▶ _RECORDED INFORMATION_:

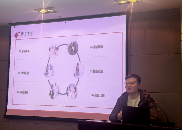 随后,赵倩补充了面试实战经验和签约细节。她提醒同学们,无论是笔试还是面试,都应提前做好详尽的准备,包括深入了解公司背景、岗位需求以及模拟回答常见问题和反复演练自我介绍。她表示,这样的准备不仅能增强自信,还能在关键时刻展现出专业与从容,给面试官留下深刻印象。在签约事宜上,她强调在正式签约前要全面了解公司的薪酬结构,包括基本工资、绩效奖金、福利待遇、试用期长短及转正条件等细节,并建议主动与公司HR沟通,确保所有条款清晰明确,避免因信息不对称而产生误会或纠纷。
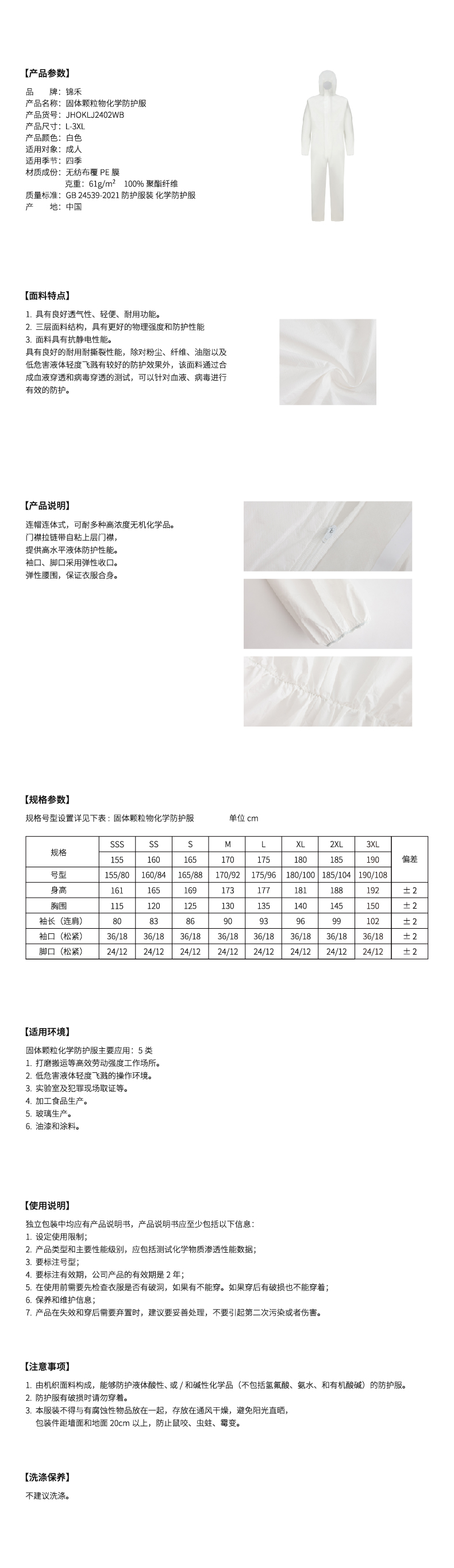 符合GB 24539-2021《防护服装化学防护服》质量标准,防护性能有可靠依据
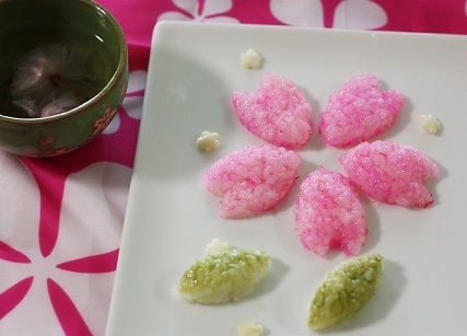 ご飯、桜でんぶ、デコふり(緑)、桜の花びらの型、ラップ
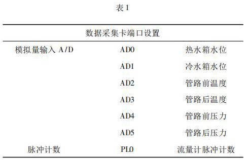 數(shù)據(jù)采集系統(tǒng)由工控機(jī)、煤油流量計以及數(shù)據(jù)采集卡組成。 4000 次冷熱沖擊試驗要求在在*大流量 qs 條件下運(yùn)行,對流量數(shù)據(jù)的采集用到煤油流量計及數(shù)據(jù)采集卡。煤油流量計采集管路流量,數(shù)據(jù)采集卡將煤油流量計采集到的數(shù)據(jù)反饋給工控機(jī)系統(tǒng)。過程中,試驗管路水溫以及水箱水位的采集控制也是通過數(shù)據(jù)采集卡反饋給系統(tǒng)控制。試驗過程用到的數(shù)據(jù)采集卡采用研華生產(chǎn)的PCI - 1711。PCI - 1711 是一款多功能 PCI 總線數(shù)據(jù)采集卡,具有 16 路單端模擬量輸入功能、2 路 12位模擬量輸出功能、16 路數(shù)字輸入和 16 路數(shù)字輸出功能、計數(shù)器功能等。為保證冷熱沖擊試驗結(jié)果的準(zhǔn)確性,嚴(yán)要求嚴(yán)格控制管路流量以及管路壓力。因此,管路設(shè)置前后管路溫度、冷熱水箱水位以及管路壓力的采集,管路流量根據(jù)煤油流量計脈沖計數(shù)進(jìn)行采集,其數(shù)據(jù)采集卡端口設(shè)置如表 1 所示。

▶ _REQUIRED WORK_:
Repeat the material exactly and drop each image.

▶ _WORKED SOLUTION_:
 随后,赵倩补充了面试实战经验和签约细节。她提醒同学们,无论是笔试还是面试,都应提前做好详尽的准备,包括深入了解公司背景、岗位需求以及模拟回答常见问题和反复演练自我介绍。她表示,这样的准备不仅能增强自信,还能在关键时刻展现出专业与从容,给面试官留下深刻印象。在签约事宜上,她强调在正式签约前要全面了解公司的薪酬结构,包括基本工资、绩效奖金、福利待遇、试用期长短及转正条件等细节,并建议主动与公司HR沟通,确保所有条款清晰明确,避免因信息不对称而产生误会或纠纷。
 符合GB 24539-2021《防护服装化学防护服》质量标准,防护性能有可靠依据
 ご飯、桜でんぶ、デコふり(緑)、桜の花びらの型、ラップ
 數(shù)據(jù)采集系統(tǒng)由工控機(jī)、煤油流量計以及數(shù)據(jù)采集卡組成。 4000 次冷熱沖擊試驗要求在在*大流量 qs 條件下運(yùn)行,對流量數(shù)據(jù)的采集用到煤油流量計及數(shù)據(jù)采集卡。煤油流量計采集管路流量,數(shù)據(jù)采集卡將煤油流量計采集到的數(shù)據(jù)反饋給工控機(jī)系統(tǒng)。過程中,試驗管路水溫以及水箱水位的采集控制也是通過數(shù)據(jù)采集卡反饋給系統(tǒng)控制。試驗過程用到的數(shù)據(jù)采集卡采用研華生產(chǎn)的PCI - 1711。PCI - 1711 是一款多功能 PCI 總線數(shù)據(jù)采集卡,具有 16 路單端模擬量輸入功能、2 路 12位模擬量輸出功能、16 路數(shù)字輸入和 16 路數(shù)字輸出功能、計數(shù)器功能等。為保證冷熱沖擊試驗結(jié)果的準(zhǔn)確性,嚴(yán)要求嚴(yán)格控制管路流量以及管路壓力。因此,管路設(shè)置前后管路溫度、冷熱水箱水位以及管路壓力的采集,管路流量根據(jù)煤油流量計脈沖計數(shù)進(jìn)行采集,其數(shù)據(jù)采集卡端口設(shè)置如表 1 所示。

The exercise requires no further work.